Bayangkan seseorang yang akan menyeberang jalan di zebra cross. Tengok kanan, tengok kiri. Merasa belum yakin, tengok kanan lagi, tengok kiri lagi. Bahkan setelah berjalan di zebra cross pun orang masih melakukannya untuk memastikan apakah jalan benar-benar aman. Tengok kanan kiri adalah kebiasaan bagus jika seseorang akan menyeberang jalan raya. Tapi merekam video dengan cara serupa, tidak akan menghasilkan rekaman yang menarik untuk ditonton. Terlalu banyak panning dalam satu shot ( satu ambilan gambar dalam satu rekaman), baik ke kiri ke kanan atau ke atas ke bawah (tilt) adalah contoh kebiasaan buruk dalam merekam gambar. Terlebih jika digabungkan dengan zoom in dan / atau zoom out. Sebuah contoh kesalahan dalam pergerakan kamera (camera movement).

Tidak Bisa Membedakan Antara Merekam Video dengan Memotret

Berbeda dengan kamera foto yang merekam sebuah momen, kamera video merekam sebuah proses dinamis atau aksi (action), sehingga menghasilkan gambar bergerak (dan bersuara). Kebiasaan mengabadikan sebuah momen pada saat memotret, acapkali terbawa pada saat mempergunakan kamera video. Hasilnya adalah hasil rekaman video dengan durasi yang terlalu pendek dalam setiap shot (satu ambilan gambar dalam satu rekaman). Shot yang terlalu pendek tidak nyaman untuk dinikmati, karena tidak memberikan waktu yang cukup bagi penonton untuk memahami detil subyek yang ditampilkan. Shot yang terlalu pendek juga akan menimbulkan kesulitan dalam proses pasca produksi (editing).

Merekam Tokoh Misterius

Menempatkan subyek penting (umumnya manusia) pada bagian depan dengan latar belakang yang lebih kuat pencahayaannya. Kebiasaan atau ketidaksadaran dengan situasi backlight seperti ini (dan tidak segera melakukan antisipasi), akan menciptakan siluet dan sosok-sosok misterius. Rekaman video yang terlalu sering atau terlalu lama dalam kondisi backlight, sudah pasti tidak akan nyaman ditonton dan kehilangan kesan profesional. Sebuah contoh kesalahan umum dalam hal pencahayaan (lighting).

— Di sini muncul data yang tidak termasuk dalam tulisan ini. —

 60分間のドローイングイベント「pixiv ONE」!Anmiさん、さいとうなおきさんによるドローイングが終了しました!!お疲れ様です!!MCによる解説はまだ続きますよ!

Apakah Anda pernah atau masih mengalami salah satu diantaranya ?Ga perlu d jawab.

diambil dari blog tetangga, cuman lupa ga d sev. bagi yang memiliki hak cipta, maaf lum cantumin nama Anda. piss..

selengkapnya »»

Menuju Kreativitas Videografi

Selamat datang di dunia videografi. Sebuah dunia yang sangat menyenangkan, penuh daya tarik, menantang kreatifitas, dan membantu kita dalam berkomunikasi dengan siapa saja. Yah, itu yang saya rasakan saat belajar videografi (sampai sekarang juga masih belajar kok). Dengan teknik videografi yang kreatif dan komunikatif, kita bisa mengabadikan beragam peristiwa di sekitar kita, menciptakan beragam karya dan media yang bukan saja bisa dipandang, namun juga didengar. Dengannya, kita bisa bercerita, berbagi informasi, menghibur, menularkan pengetahuan, bahkan mempengaruhi orang lain.

Bagaimana menciptakan karya videografi yang kreatif, komunikatif dan layak ditonton ?

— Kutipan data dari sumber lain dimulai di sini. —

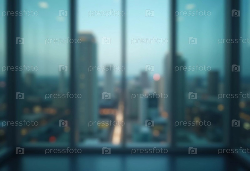 Размытая перспектива демонстрирует современный городской горизонт через стеклянную стену в сумерках, раскрывая яркость и сложность городской жизни. Угасающий свет отражает городскую энергию. Генеративный ИИ

Panduan sederhana ini mengajak Anda untuk mengenal dan memahami prinsip-prinsip dasar videografi untuk dipraktekkan dengan menggunakan kamera genggam (handycam). Mengapa kamera genggam ? Karena inilah jenis kamera video yang paling banyak dijumpai dan dipergunakan, paling banyak populasinya, mudah didapat dan bisa dioperasikan oleh siapa saja. Meski demikian – karena bersifat universal - prinsip-prinsip dasar videografi dalam panduan ini bisa diterapkan untuk jenis kamera apa saja.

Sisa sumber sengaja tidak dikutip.